AUTHOR=Liu Binliang , Xie Junying , Sun Xiaoying , Wang Yanfeng , Yuan Zhong , Liu Xiyu , Huang Zhou , Wang Jiani , Mo Hongnan , Yi Zongbi , Guan Xiuwen , Li Lixi , Wang Wenna , Li Hong , Ma Fei , Zeng Yixin TITLE=Development and Validation of a New Clinical Prediction Model of Catheter-Related Thrombosis Based on Vascular Ultrasound Diagnosis in Cancer Patients JOURNAL=Frontiers in Cardiovascular Medicine VOLUME=7 YEAR=2020 URL=https://www.frontiersin.org/journals/cardiovascular-medicine/articles/10.3389/fcvm.2020.571227 DOI=10.3389/fcvm.2020.571227 ISSN=2297-055X ABSTRACT=

Background: Central venous catheters are convenient for drug delivery and improved comfort for cancer patients, but they also cause serious complications. The most common complication is catheter-related thrombosis (CRT).

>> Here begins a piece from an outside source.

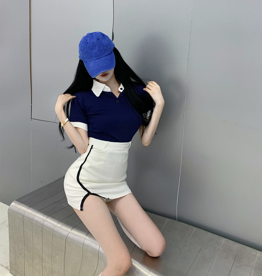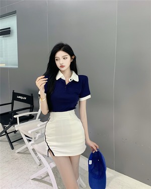 スタンダードカラー半袖スリーブTシャツ ウェストスカート サマー ショート レトロ ハーフスリーブ 夏物 ガールズファッション8866302020

Objectives: This study aimed to evaluate the incidence and risk factors for CRT in cancer patients and develop an effective prediction model for CRT in cancer patients.

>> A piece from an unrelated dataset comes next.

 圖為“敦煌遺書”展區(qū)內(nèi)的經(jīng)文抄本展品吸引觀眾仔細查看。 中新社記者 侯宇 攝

Methods: The development of our prediction model was based on a retrospective cohort (n = 3,131) from the National Cancer Center. Our prediction model was confirmed in a prospective cohort from the National Cancer Center (n = 685) and a retrospective cohort from the Hunan Cancer Hospital (n = 61). The predictive accuracy and discriminative ability were determined by receiver operating characteristic (ROC) curves and calibration plots.

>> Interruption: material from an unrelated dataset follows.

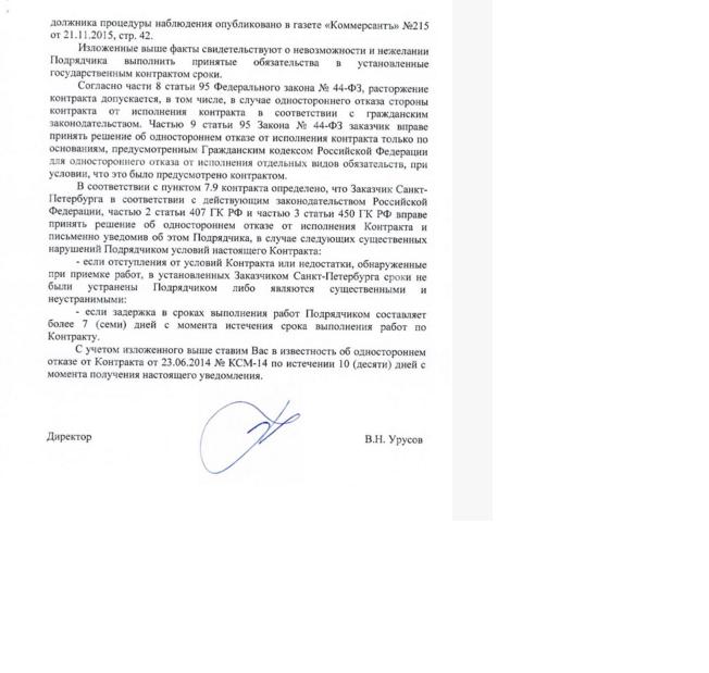 Уведомление датировано 1 декабря этого года. По закону, оно вступит в силу спустя 10 дней после вручения генподрядчику, если «Трансстрой» не представит в комитет убедительного подтверждения своей добросовестности.

Results: Multivariate analysis demonstrated that sex, cancer type, catheter type, position of the catheter tip, chemotherapy status, and antiplatelet/anticoagulation status at baseline were independent risk factors for CRT. The area under the ROC curve of our prediction model was 0.741 (CI: 0.715–0.766) in the primary cohort and 0.754 (CI: 0.704–0.803) and 0.658 (CI: 0.470–0.845) in validation cohorts 1 and 2, respectively. The model also showed good calibration and clinical impact in the primary and validation cohorts.

Conclusions: Our model is a novel prediction tool for CRT risk that accurately assigns cancer patients into high- and low-risk groups. Our model will be valuable for clinicians when making decisions regarding thromboprophylaxis.